Cherokee Phoenix

INDIANS

Published March, 10, 1830

Page 1 Column 1b-4b

INDIANS

An Address by the Rev. Calvin Colton, before the Lyceum, Amherst, Mass. delivered, Jan. 5, 1830

'So I returned and considered all the oppressions that are done under the sun. And behold the tears of such as were oppressed, and they had no comforter; and on the side of their oppressors there was power, but they had no comforter.'

THE DUTY OF THE AMERICAN PEOPLE TOWARDS THE INDIANS.
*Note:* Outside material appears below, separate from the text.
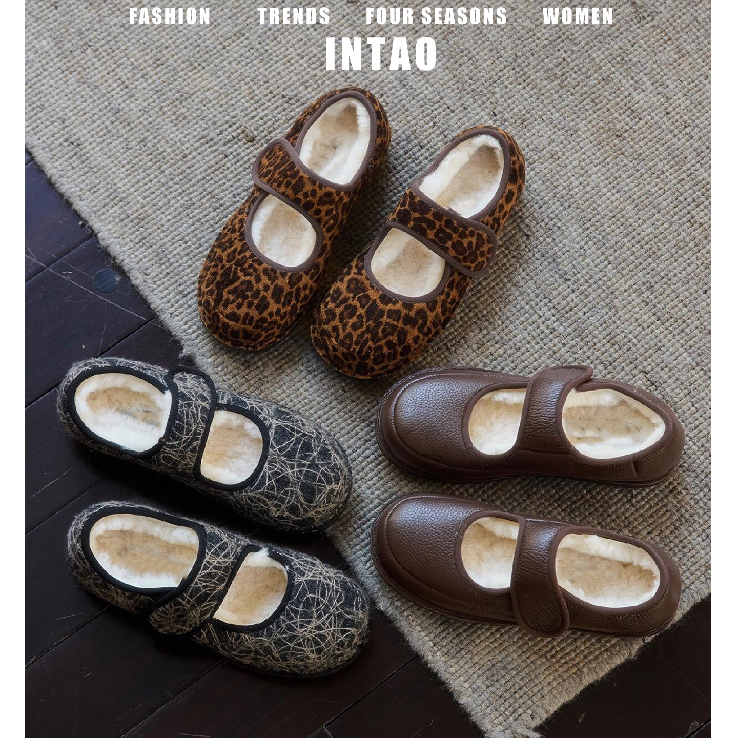 复古豹纹超火玛丽珍毛毛鞋女外穿2025冬季新款魔术贴软底豆豆棉鞋

It is obvious that this subject must involve considerations of public and national character; and it is impossible to enter upon its discussion, without seeming in some measure to de______ the appropriate ground of statesmen. And indeed, the very genius of our government and institutions supposes that it will sometime become the special duty of every citizen to make himself acquainted with questions of national interest-that he may be able to discharge his own private responsibilities, as a member of the community. Judging that present conditions and prospects of the Indians within the jurisdiction and under the protection of the U. States, make a question of this sort. I have consented to attempt its discussion; having first satisfied myself on this point that the question is not a question of pride-or a question on which the grand political parties of the nation divide as such-but a simple question of right-the common cause of humanity. There maybe, there is undoubtedly a difference of opinion-but it is not a question of policy, in the common sense of the term- leaving us a choice between two courses, both of which are right in themselves-but one of which is better than the other. But it is a question of morality-of religion-between right and wrong-to be decided by the immutable and eternal principles of justice; and no citizen of the United States who has a conscience, can be indifferent to the result, or fail to share in the responsibility.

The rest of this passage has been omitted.